YOUR INSTRUCTIONS: Nothing but the lines from the one with "Who's crazy and" through the end of the data should be set down, each exactly as written, and no picture should be included.

SUPPLIED INFORMATION:
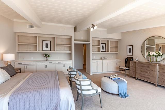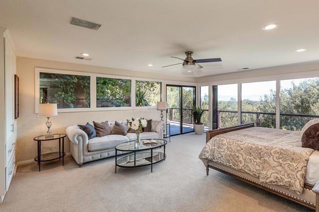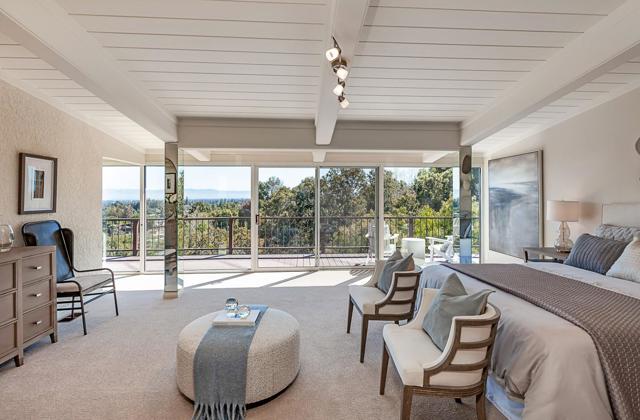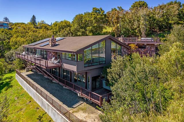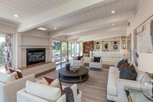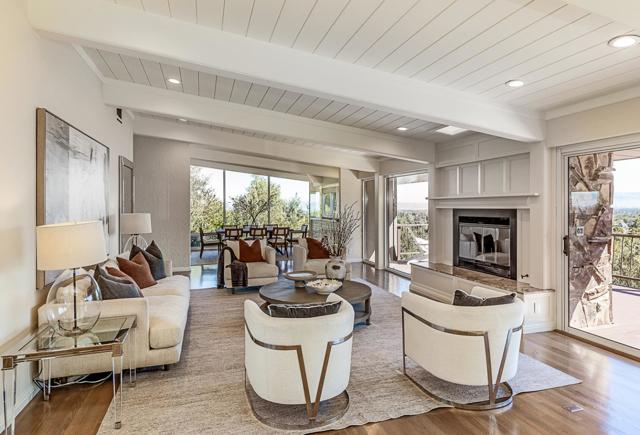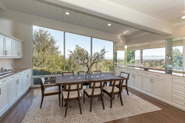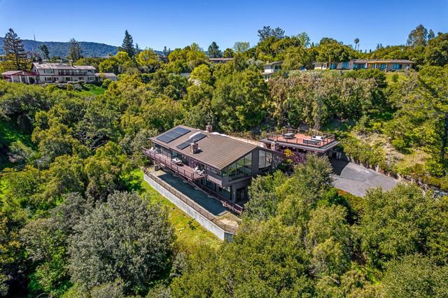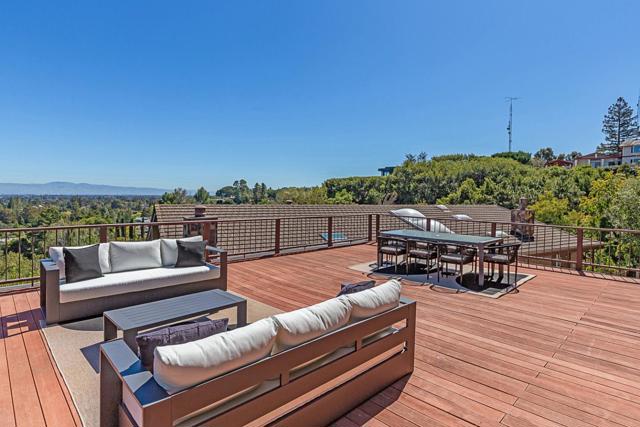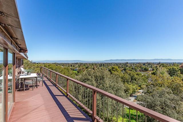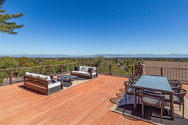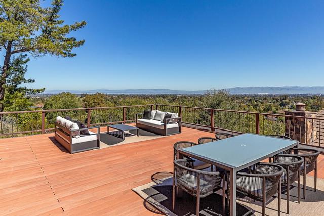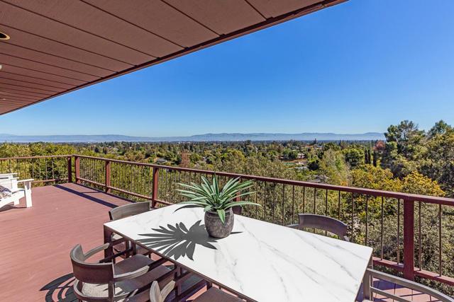 Set on a tranquil 1.5-acre parcel in one of the most sought-after pockets of Los Altos Hills, this beautiful mid-century home offers the extremely rare blend of panoramic Bay views, exceptional privacy, close proximity to the Village, and acclaimed Palo Alto schools. The interior blends timeless architectural character with modern updates, and includes generous entertaining spaces, seamless room-to-room connection, and expansive windows that each present a different vantage point of the breathtaking views. The main-level primary suite offers a serene retreat with extensive closet space, an updated spa-inspired bath, coffee bar, and private outdoor access. There are three additional bedrooms, one with an en suite bathroom, one with an adjoining office, and all with access to the outdoors. A state-of-the-art media/recreation room with projector, retractable cinema screen, full bar, and wine cellar provides the ultimate in-home experience. Exterior amenities include upper and lower view decks, a very large rooftop entertainment space with panoramic views, a spacious front patio, and a level lawn perfect for recreation and play. Peaceful Silicon Valley living, ideal for those who value space, style, views, and access to world-class education!
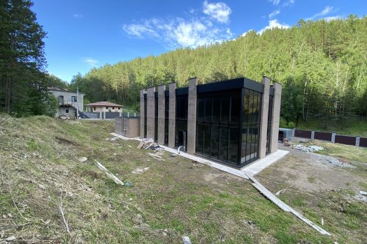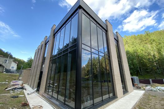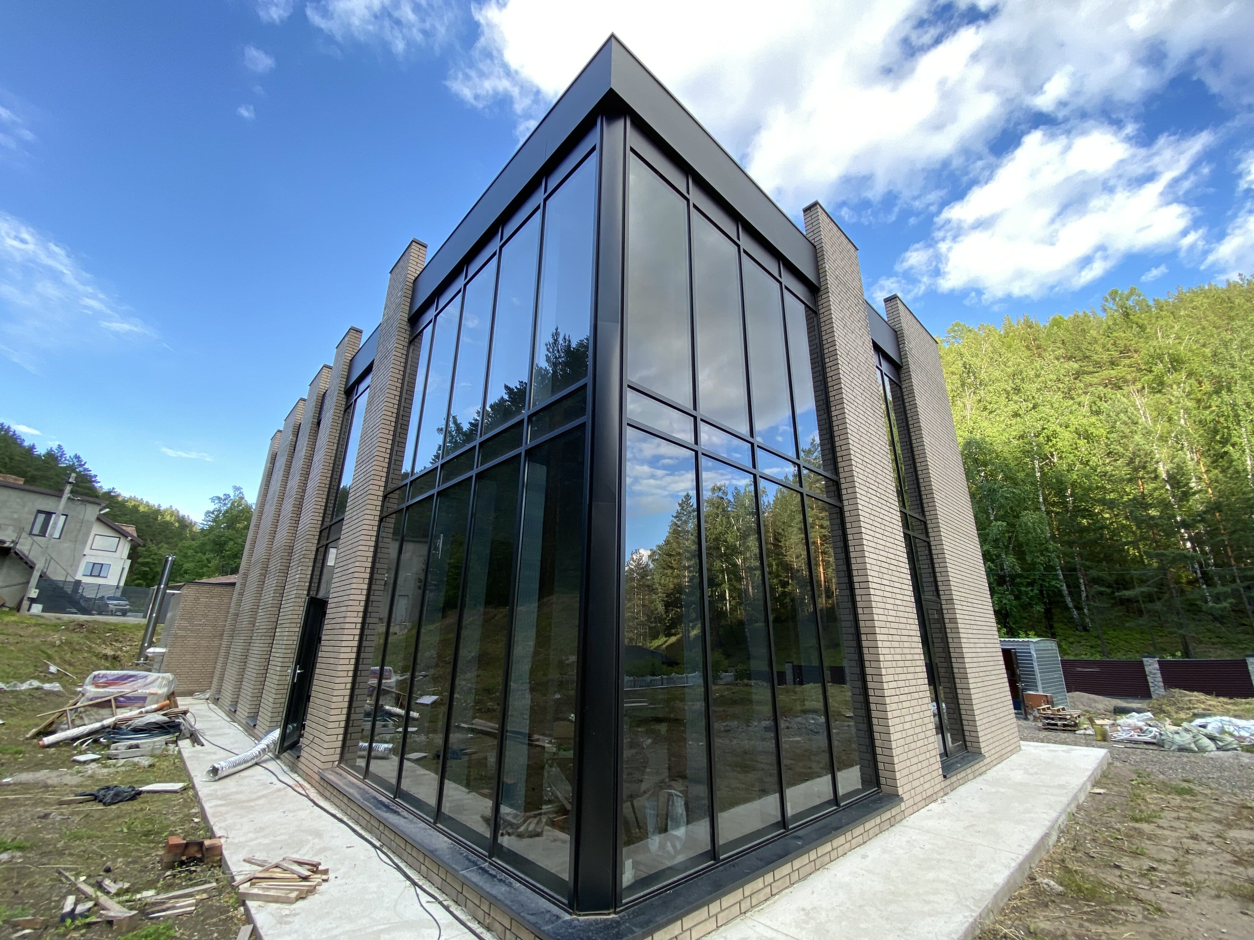 Материал стен: Витражное остекление, полнотелый и фасадный кирпич с утеплителем
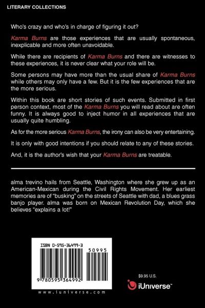 Who's crazy and who's in charge of figuring it out? Karma Burns are those experiences that are usually spontaneous, inexplicable and more often unavoidable. Some persons may have more than the usual share of Karma Burns while others may only have a few. But it is the few experiences that are the more serious. Within this book are short stories of such events. Submitted in first person context, most of the Karma Burns you will read about are often funny. It is always good to inject humor in all experiences that are usually quite humbling. While there are recipients of Karma Burns and there are witnesses to these experiences, it is never clear what your role will be. As for the more serious Karma Burns, the irony can also be very entertaining. It is only with good intentions if you should relate to any of these stories. And, it is the author's wish that your Karma Burns are treatable.
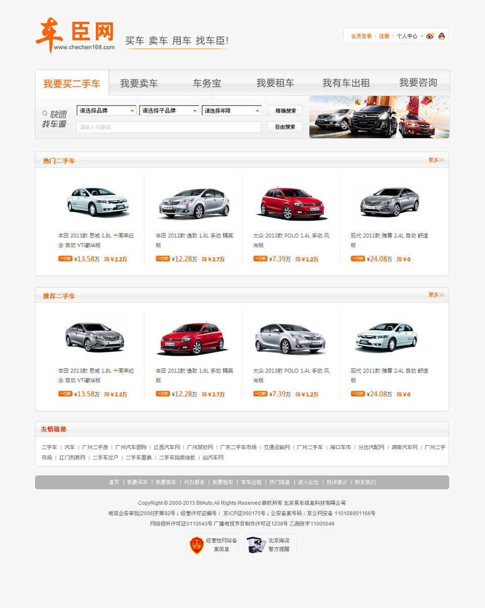 項目名稱:車巨網網站設計 簽定日期:2013-8-12 項目網址:www.chechen168.com 網站簡介: 車巨網以“不賺差價”的商業定位,配套“車務寶”專業二手車檢測系統,開創并領導中國二手車經紀模式。 車巨網融合網站、線下連鎖店和全國客服中心,構建了完整的、覆蓋全國的“三網合一”服務體系,是國內一流的二手車交易平臺。 網站首頁設計縮略圖:
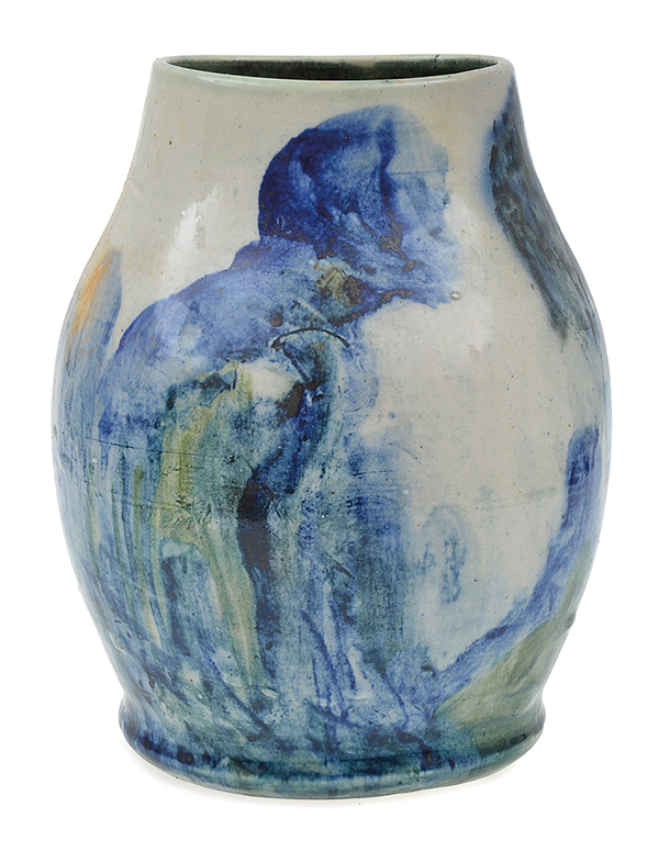 tapering cylindrical formed vase painted with a continuous, stylised landscape, incised Merric Boyd 1932 to base, Doris Boyd, 24.5cm high

TASK OUTPUT:
 Who's crazy and who's in charge of figuring it out? Karma Burns are those experiences that are usually spontaneous, inexplicable and more often unavoidable. Some persons may have more than the usual share of Karma Burns while others may only have a few. But it is the few experiences that are the more serious. Within this book are short stories of such events. Submitted in first person context, most of the Karma Burns you will read about are often funny. It is always good to inject humor in all experiences that are usually quite humbling. While there are recipients of Karma Burns and there are witnesses to these experiences, it is never clear what your role will be. As for the more serious Karma Burns, the irony can also be very entertaining. It is only with good intentions if you should relate to any of these stories. And, it is the author's wish that your Karma Burns are treatable.
 項目名稱:車巨網網站設計 簽定日期:2013-8-12 項目網址:www.chechen168.com 網站簡介: 車巨網以“不賺差價”的商業定位,配套“車務寶”專業二手車檢測系統,開創并領導中國二手車經紀模式。 車巨網融合網站、線下連鎖店和全國客服中心,構建了完整的、覆蓋全國的“三網合一”服務體系,是國內一流的二手車交易平臺。 網站首頁設計縮略圖:
 tapering cylindrical formed vase painted with a continuous, stylised landscape, incised Merric Boyd 1932 to base, Doris Boyd, 24.5cm high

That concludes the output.